If you travel even moderately for business, you can rack up wireless access expenses that top $100 per trip. If in the course of one day you connect at the airport, at the hotel twice a day, at a couple of hotspots, and then at the airport on the way home, you could easily spend more on one trip for Internet access than you do at home for a whole month of broadband.

The smart and mobile enterprise is looming just around the corner. In the emerging Smartphone society, cool will not have to carry a laptop at all. Newer device models from Motorola, Nokia, Palm, Research in Motion, and others cram access to e-mail, the Web, and ever-more business applications and company intranets in with the look and function of a cell phone. Never mind the annoyingly tiny screen and short battery life. With starting prices of around $200, every one's going to want to be smart while on the move.

The Smartphone market is booming. In the first half of this year, 38.5 million were shipped worldwide, up 75% from the same period last year. More than 200 million smart phones will ship annually by 2009, In-Stat predicts. Businesses and individuals are buying them, and Smartphone makers are blurring the line, pitching their products as "prosumer" devices for both work and personal use.

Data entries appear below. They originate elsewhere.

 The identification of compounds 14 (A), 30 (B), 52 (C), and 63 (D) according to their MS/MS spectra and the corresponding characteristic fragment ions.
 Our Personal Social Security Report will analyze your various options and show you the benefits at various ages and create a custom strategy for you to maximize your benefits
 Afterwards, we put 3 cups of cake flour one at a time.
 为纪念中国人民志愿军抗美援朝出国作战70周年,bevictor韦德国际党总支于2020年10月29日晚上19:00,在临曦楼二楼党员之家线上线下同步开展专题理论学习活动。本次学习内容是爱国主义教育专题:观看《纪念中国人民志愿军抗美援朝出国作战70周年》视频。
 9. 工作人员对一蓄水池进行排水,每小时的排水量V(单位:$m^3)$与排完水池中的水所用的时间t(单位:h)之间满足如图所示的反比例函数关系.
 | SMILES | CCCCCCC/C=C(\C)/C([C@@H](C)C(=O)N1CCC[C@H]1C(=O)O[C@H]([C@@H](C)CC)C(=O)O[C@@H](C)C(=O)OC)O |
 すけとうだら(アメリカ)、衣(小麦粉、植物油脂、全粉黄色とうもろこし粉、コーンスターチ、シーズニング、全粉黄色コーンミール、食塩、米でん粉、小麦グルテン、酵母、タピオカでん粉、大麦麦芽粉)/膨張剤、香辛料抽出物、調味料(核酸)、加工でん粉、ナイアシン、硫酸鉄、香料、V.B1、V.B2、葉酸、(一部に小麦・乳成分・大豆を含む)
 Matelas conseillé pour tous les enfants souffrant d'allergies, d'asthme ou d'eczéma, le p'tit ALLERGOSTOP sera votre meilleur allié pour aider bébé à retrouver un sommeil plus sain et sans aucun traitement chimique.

Wireless Internet access is a blessing and a curse to the business traveler. While you can be more productive than ever, staying in contact with clients and colleagues no matter where you roam, often you’re left scrabbling for a wireless access point. In airports often you have to position yourself just right to get a signal and it often is difficult to set up the connection. Once you do get your connection set up, the signal frequently fades in and out. Some hotels charge up to $12 per connection to use their wireless networks, and free wi-fi isn’t anywhere near the universal feature we sometimes think it is, especially in smaller towns and cities.